**What is being asked:**
Could the lines from the start of the data through the line with "If the value" be set down exactly, with no pictures among them?

**Data block:**
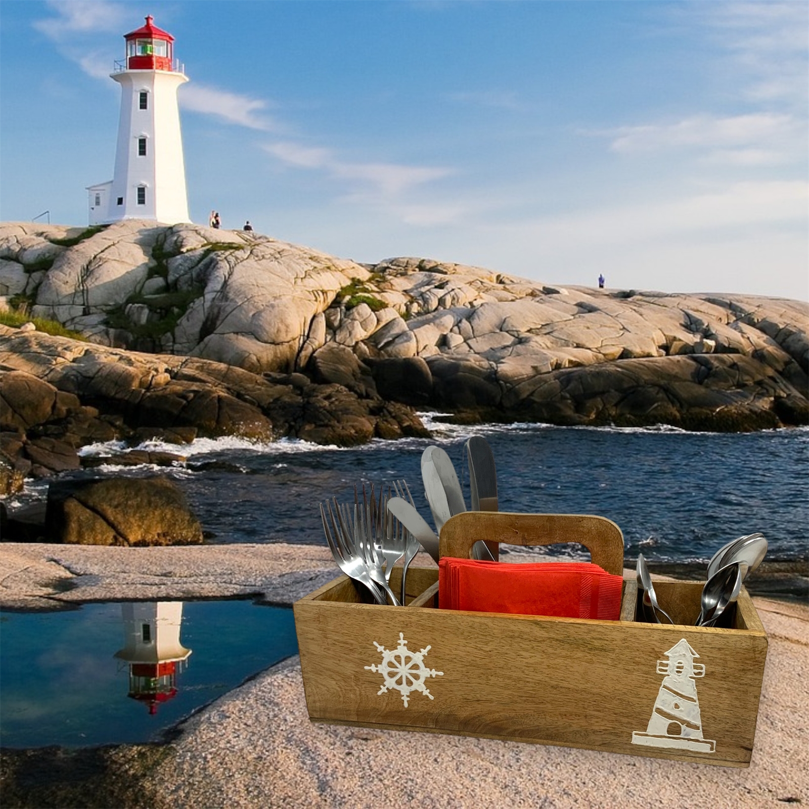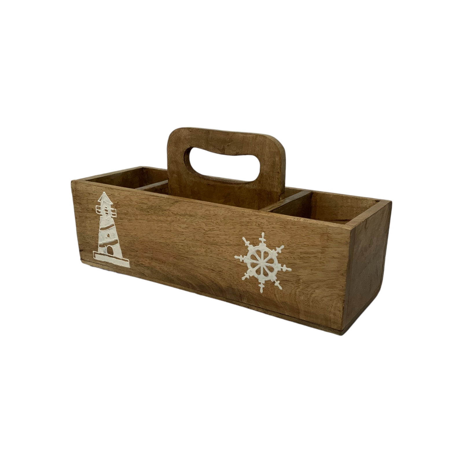 Solid Mango Wood Caddy, a functional work of art handcrafted in India that seamlessly combines versatility with captivating nautical themes. Crafted from premium mango wood, this caddy stands out with its honey stained finish, enhancing the natural beauty of the wood grain while providing a warm and inviting aesthetic.
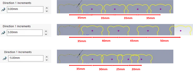 If the value is 0, the pattern will keep in equal spacing (35mm of Direction 1).
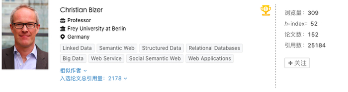 Christian Bizer排名第一。该领域前 100 名中无一华人。
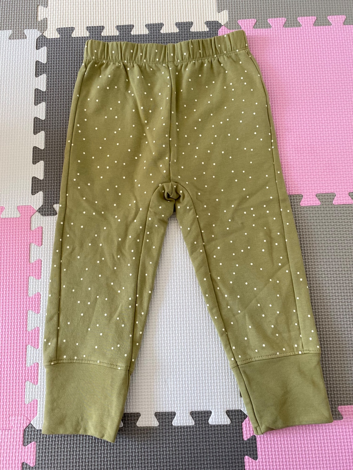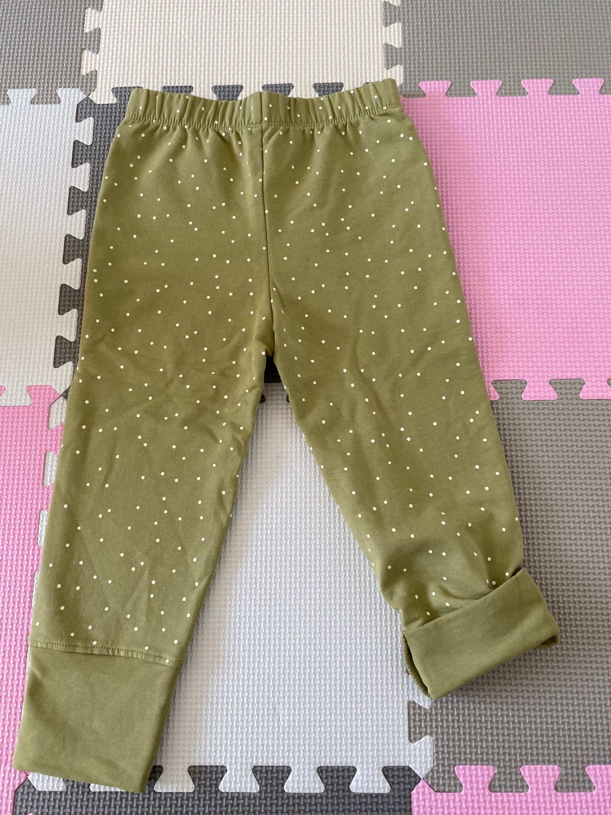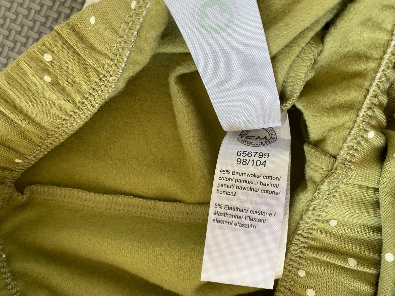 Nenosené, iba opraté. Dvojčíslo 98/104, vzor biele bodky.

**Exercise response:**
 Solid Mango Wood Caddy, a functional work of art handcrafted in India that seamlessly combines versatility with captivating nautical themes. Crafted from premium mango wood, this caddy stands out with its honey stained finish, enhancing the natural beauty of the wood grain while providing a warm and inviting aesthetic.
 If the value is 0, the pattern will keep in equal spacing (35mm of Direction 1).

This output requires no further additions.